Chief Information Security Officer (CISO) Overview and Background

of one

CISO - Insights

Seven resources that CISOs at Fortune 500 companies turn to for industry knowledge and help are (1) conferences (in general) that they routinely attend in order to find much-needed talent, (2) the Global CISO Executive Summit, (3) the CISO Forum, (4) the CISO Minute podcast, (5) the Information Security Forum, (6) the Cybersecurity Collaborative, and (7) the Chief Information Security Officer Leadership Forum.

Resources That Fortune 500 CISOs Turn to For Industry Knowledge & Help

1. Constantly Attending Conferences to Find Much-Needed Talent

  • In an interview, Fortune 500 U.S. Bancorp's CISO, Jason Witty, stated: "For us [CISOs], for example, we’re always attending conferences on purpose, looking for talent. We’re very specific about which conferences we want to go to. We are always looking for people and interviewing people even though we don’t have positions open, or even when we don’t have positions open."
  • Jason Witty described the talent shortage in cybersecurity as "one of the biggest problems all CISOs have."

2. Global CISO Executive Summit

  • The Global CISO Executive Summit is a conference that Fortune 500 CISOs frequent, as is demonstrated by the fact that several chairs of the summit are CISOs at Fortune 500 companies.

3. CISO Forum

  • "SecurityWeek’s . . . CISO Forum presented by Intel" is a conference frequented by Fortune 500 CISOs, as featured attendees include CISOs at Fortune 500 companies.

4. CISO Minute Podcast

  • The CISO Minute podcast is a resource that Fortune 500 CISOs turn to for industry knowledge and help.
  • The following description is provided about the podcast: "Every Monday morning, we bring advice and insights to Fortune 500 and Global 2000 chief information security officers."
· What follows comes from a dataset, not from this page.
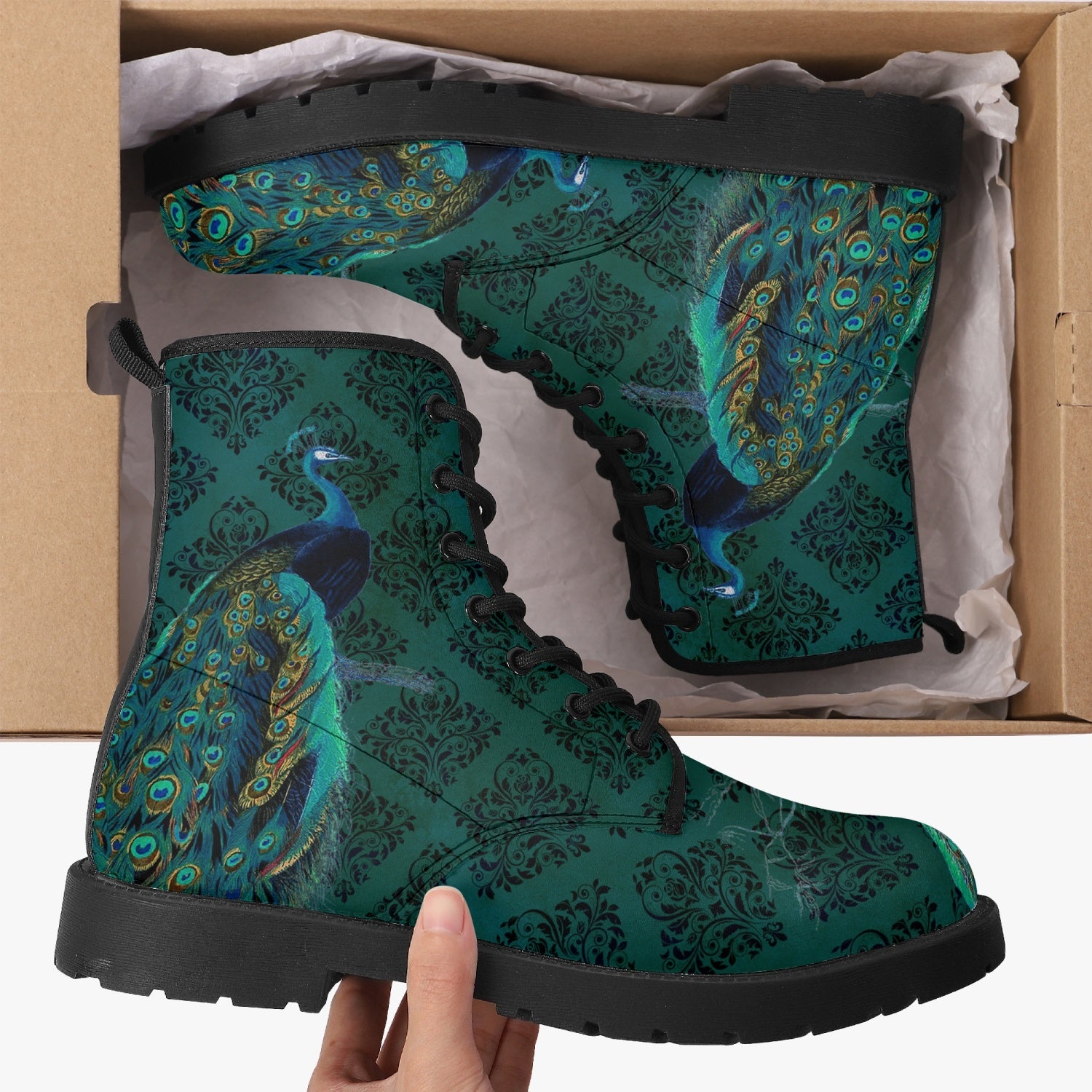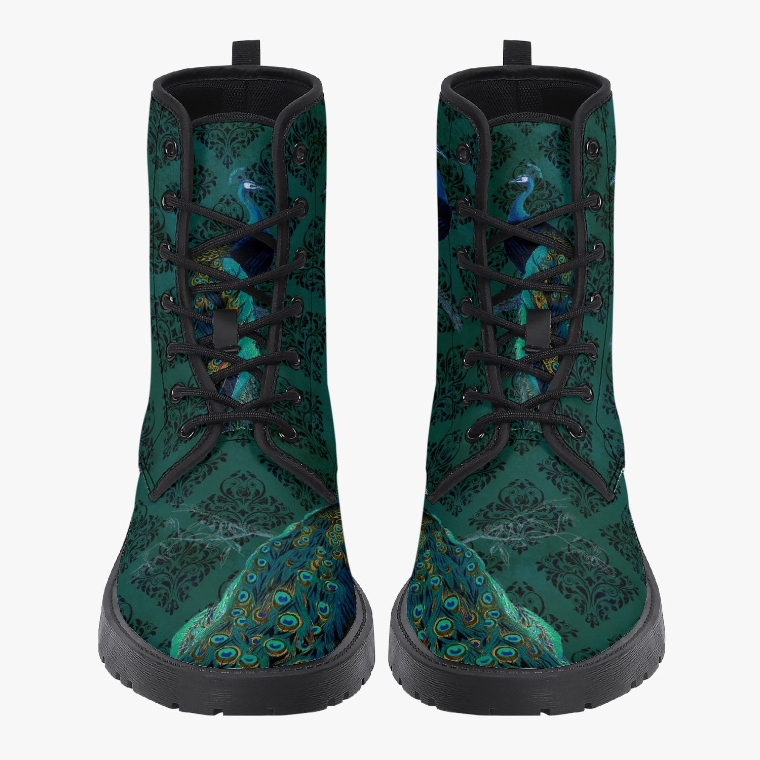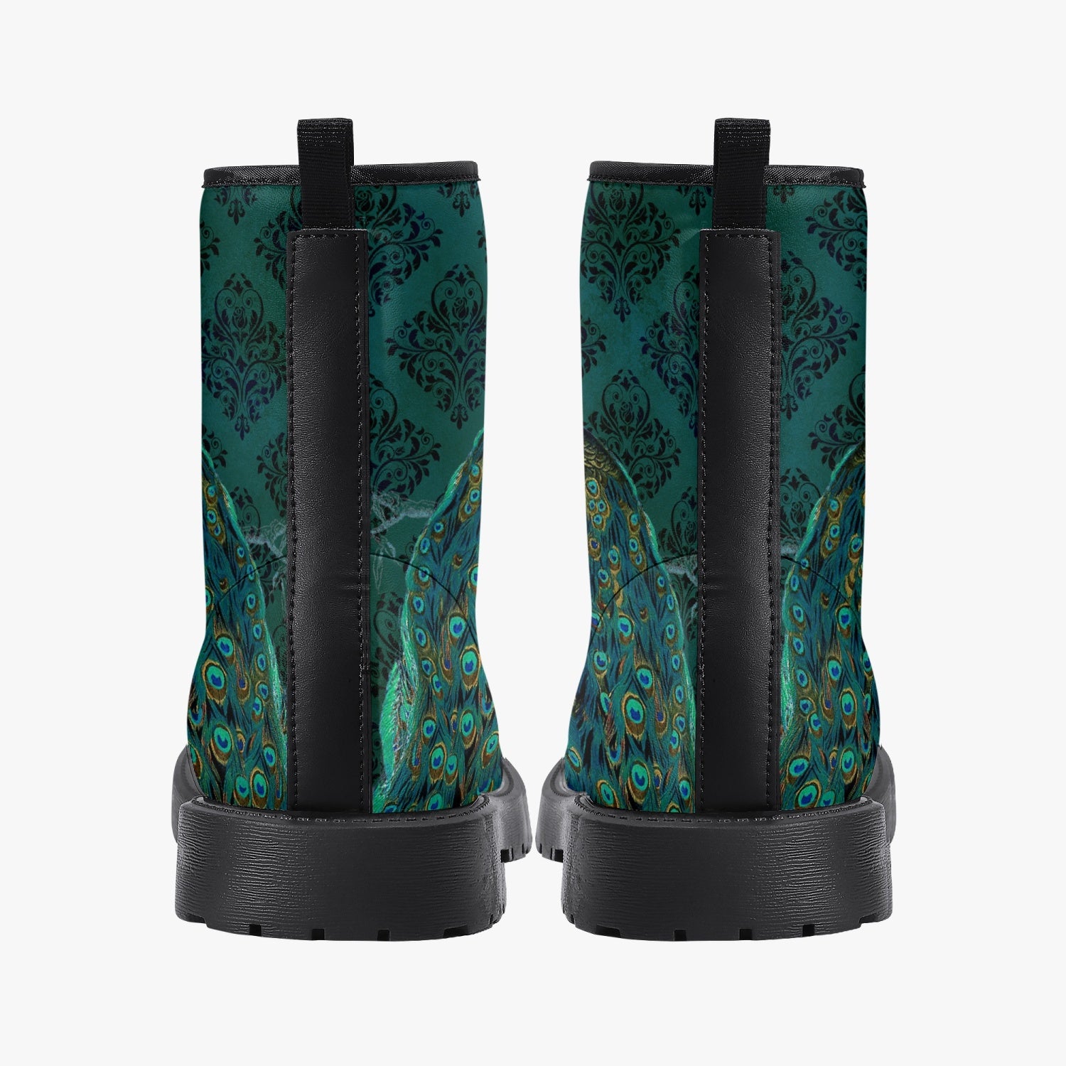 Peacock Boots - Blue, green Vegan Leather Combat Boots (JPREG53)

5. Information Security Forum

  • The Information Security Forum is an organization that helps Fortune 500 CISOs (among others).
  • Many of the Information Security Forum's members are Fortune 500 companies.
  • The organization describes itself as "the leading authority on cyber, information security and risk management [that provides] practical tools and guidance [to] address current topics and . . . overcome the wide-ranging security challenges that impact . . . business today."

6. Cybersecurity Collaborative

  • The "Cybersecurity Collaborative [is] a peer council platform for Chief Information Security Officers (CISOs) and other senior-level security executives."
  • Participation in the Collaborative is exclusively limited to members.
  • The CISO Corporate Membership Leadership Council for the Cybersecurity Collaborative includes multiple CISOs from Fortune 500 companies.
  • The Chairman provided the following statement about the Collaborative's mission: "We must harness the combined insights, expertise, and best practices across the Fortune 500 CISO community to truly achieve maximum security readiness."
  • The Cybersecurity Collaborative also provides the following resources to members: "[A]ccess to a confidential member-only portal for peer networking and collaboration; daily security report and critical updates; CISO-led SWAT teams and peer task forces; and a content library with a searchable database of proven policies and guides written by the foremost authorities and practitioners." Furthermore, regional meetings are held for both prospective and current members.

7. Chief Information Security Officer Leadership Forum

  • The Chief Information Security Officer Leadership Forum is a conference that Fortune 500 CISOs frequent for industry knowledge and help.
  • The Chief Information Security Officer Leadership Forum is part of the Argyle Executive Forum.

Research Strategy

We identified insights about resources that Fortune 500 CISOs turn to for industry knowledge and help by first looking for conferences/events that those executives attend. We found those events through general searches for such and in lists of the top events for CISOs. For each conference/event we found, we specifically reviewed information about who leads and attends, in order to ensure that such conference/event is truly one frequented by Fortune 500 CISOs specifically. In order to provide resources outside of conferences/events, we looked for magazines, podcasts, and other types of media that Fortune 500 CISOs use. While we weren't able to find information to definitively support whether Fortune 500 CISOs specifically read various publications, we were able to find a podcast that is listened to by that audience segment. Lastly, we also reviewed the transcript of an interview with a Fortune 500 CISO who shed light on where Fortune 500 CISOs turn to for help with recruiting.